Learning Japanese can enhance your resume. Although people who are bilingual in Japanese and English are highly sought after, there still are not very many people with that skill (especially compared to people who learn European languages as a second language). If you can put Japanese language as a skill on your resume, you will definitely stand out as unique among applicants.


By studying Japanese, you open the gateway to other Asian languages. The structure of Japanese sentences are actually very similar to those of the Korean language, so learning Japanese can help you if you choose to study other Asian languages one day.

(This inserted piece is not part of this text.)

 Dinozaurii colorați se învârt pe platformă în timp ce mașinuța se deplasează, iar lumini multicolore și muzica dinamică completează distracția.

No matter what your reasons are for studying Japanese, even the most dedicated students can sometimes lose interest in their pursuit of language fluency. I have personally experienced the loss of interest in Japanese, but I was able to revive my love of language by remembering why I began studying in the first place. My personal reasons for deciding to learn Japanese were my desire to learn an Asian language, my love of the culture of Japan, and my desire to teach English in Japan one day. I would like to share some advice that has come from my personal experience with learning Japanese, and my advice is especially directed towards those who are experiencing a rut and thinking about giving up!

My first piece of advice is to acknowledge you made a commitment to learn Japanese. By beginning to study, you essentially agreed to make that commitment. Of course, you could give up at any time you wished, but why throw away the work you have already done?

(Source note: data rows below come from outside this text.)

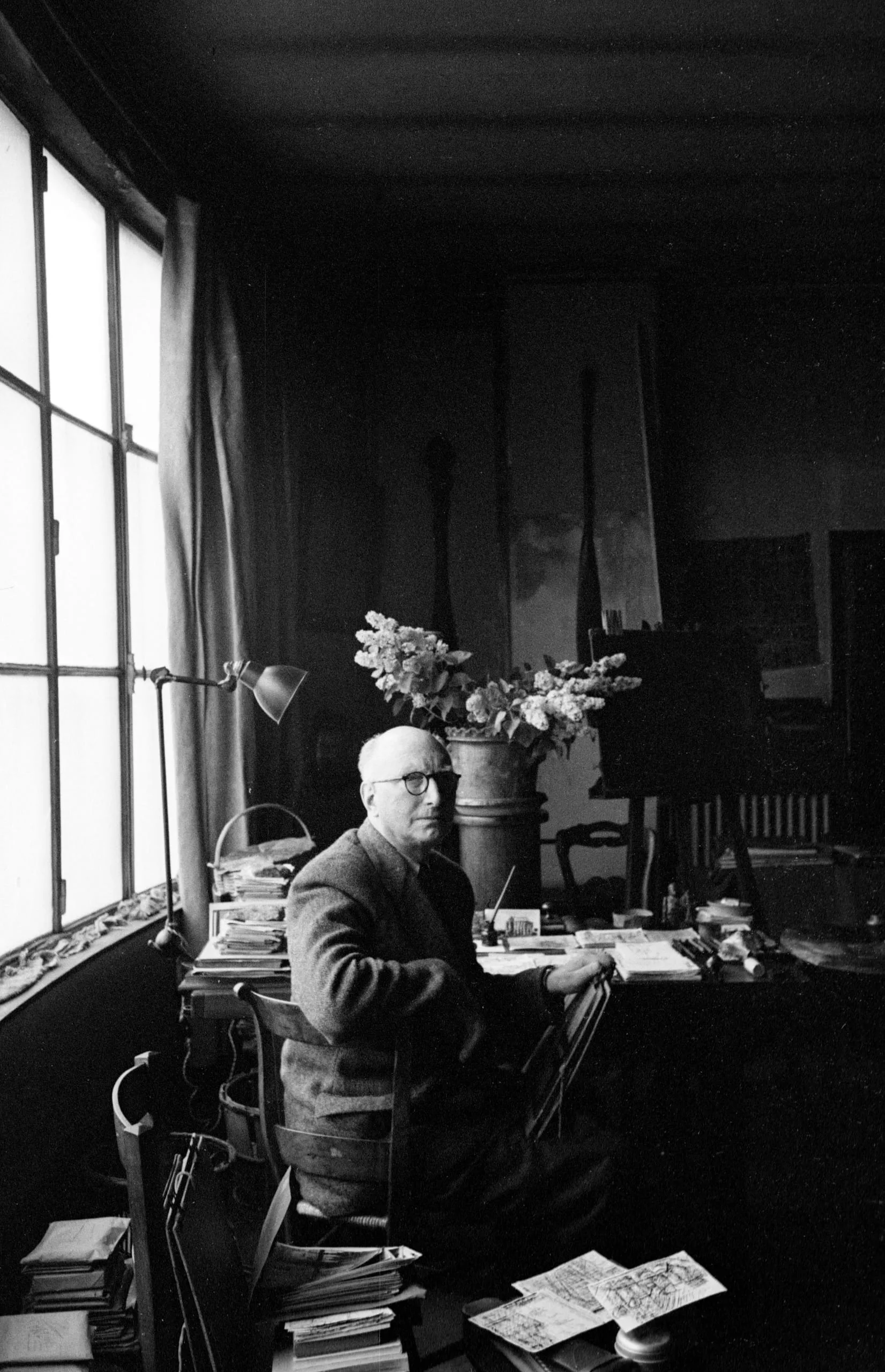 Black and white photograph of an older bald man wearing glasses and a cardigan, seated at a cluttered studio desk, lit by a large window to the left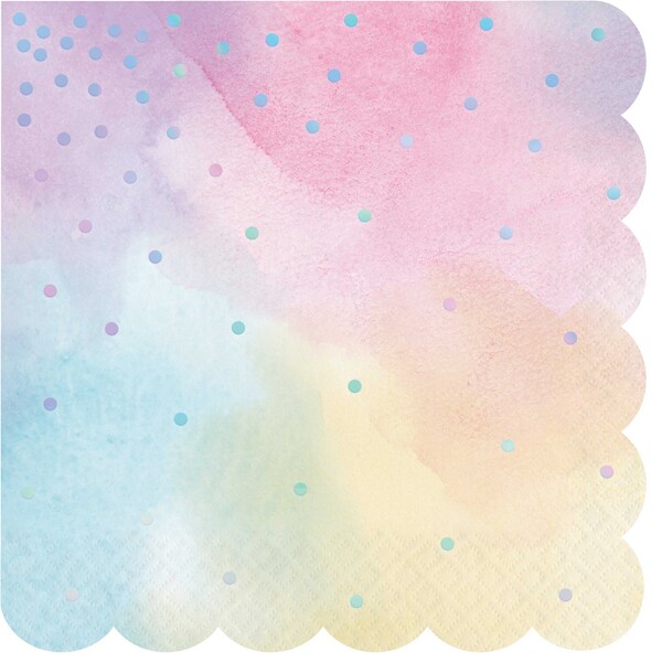 These Iridescent Party Napkins will take your party to the next level. These beautiful 6.5” party napkins display an iridescent treatment of shades of pink, purple and blue with white dots all over. Featuring a scalloped design, these napkins are sold in quantities of 192 and perfectly accentuate other Iridescent Party party supplies.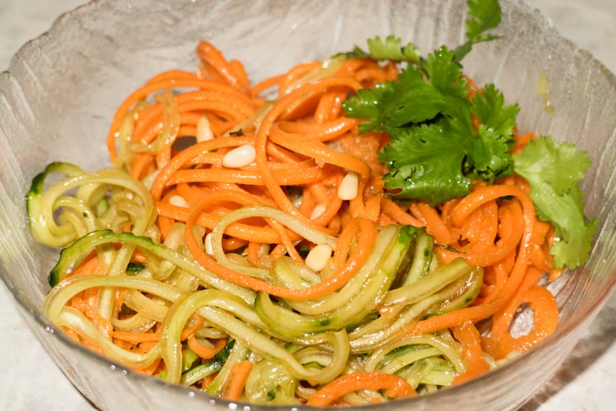 Это, пожалуй, самое известное (в узких кругах) блюдо, для приготовления которого просто необходим спирализатор. С помощью какого иного устройства можно настолько легко и за считанные секунды получить длинные спирали, мы просто не знаем. Кабачок среднего размера был очищен. Для измельчения использовали насадку для средней нарезки.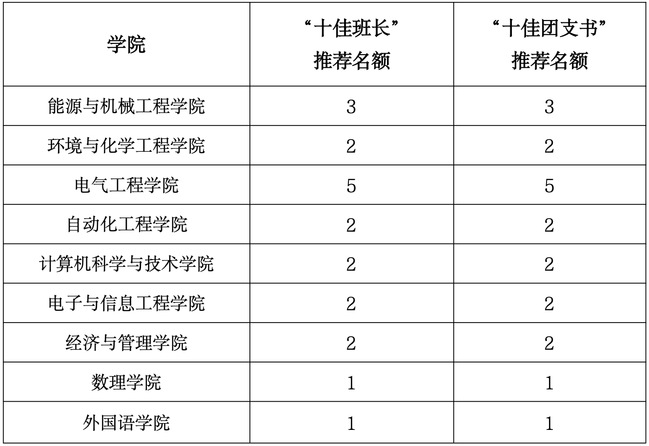 各學院可結合實際情況,推薦符合要求的“十佳班長”“十佳團支書”候選人。填寫《上海電力大學“十佳班長”“十佳團支書”申報表》(附件1)和《上海電力大學“十佳班長”“十佳團支書”信息匯總表》(附件3),推薦至校團委。各學院名額分配如下: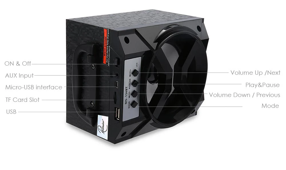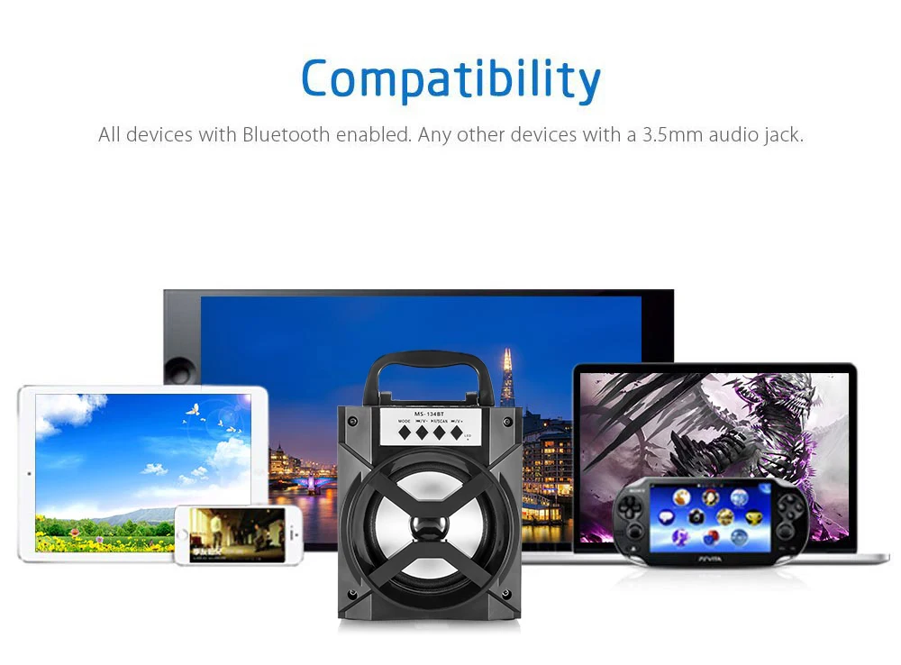 Package Contents: 1 x MS – 134BT FM Radio Wireless Bluetooth Speaker, 1 x USB Cable

Next, you need to find motivation for studying. If you purchased books or other resources in order to learn Japanese, or paid for lessons, think of the money! Don’t waste your money by quitting before you reach your Japanese goals. If you can, plan a trip to Japan as a reward for mastering the language. You can also reward yourself with less expensive things such as Japanese CDs or DVDs, or even rewards that are not Japanese related. Give yourself that material motivation if you really need to.

Another piece of advice I offer to those who want to learn Japanese is to set goals for yourself, but do not make them too hard to reach. You need to set small goals. This way, you can track your progress and see your growth as you become better and better at Japanese. Even if you have been studying Japanese for years, as I have, you can still benefit from setting small, attainable goals for yourself. These goals will help drive you towards your larger goal of Japanese mastery. For example, you can plan out how many kanji symbols you want to learn in a week or a month. Meet each small goal of five or ten new kanji symbols before moving on to the next goal. You can use the same type of goal system with vocabulary words.

If you end up a deep rut and are seriously on the verge of giving up on Japanese, take a break. Sometimes a break (whether short or long) can work wonders. You may even begin to miss studying Japanese! Take time off to pursue a different hobby for a while, and then try getting back into studying Japanese. You can also designate certain times of the week, the month, or even the year that you will devote to studying Japanese. The rest of the time can be your time off to pursue something else. Just think how proud you will be if you can persevere and see your commitment through to the end!

As I mentioned earlier, there are many great reasons to learn Japanese. Always keep your personal reasons for studying Japanese in mind as you continue to delve deeper and deeper into this beautiful language. It’s important to stay focused, but don’t forget to allow yourself time (or rewards!) to help you stay on track. The most important thing to remember is to never give up!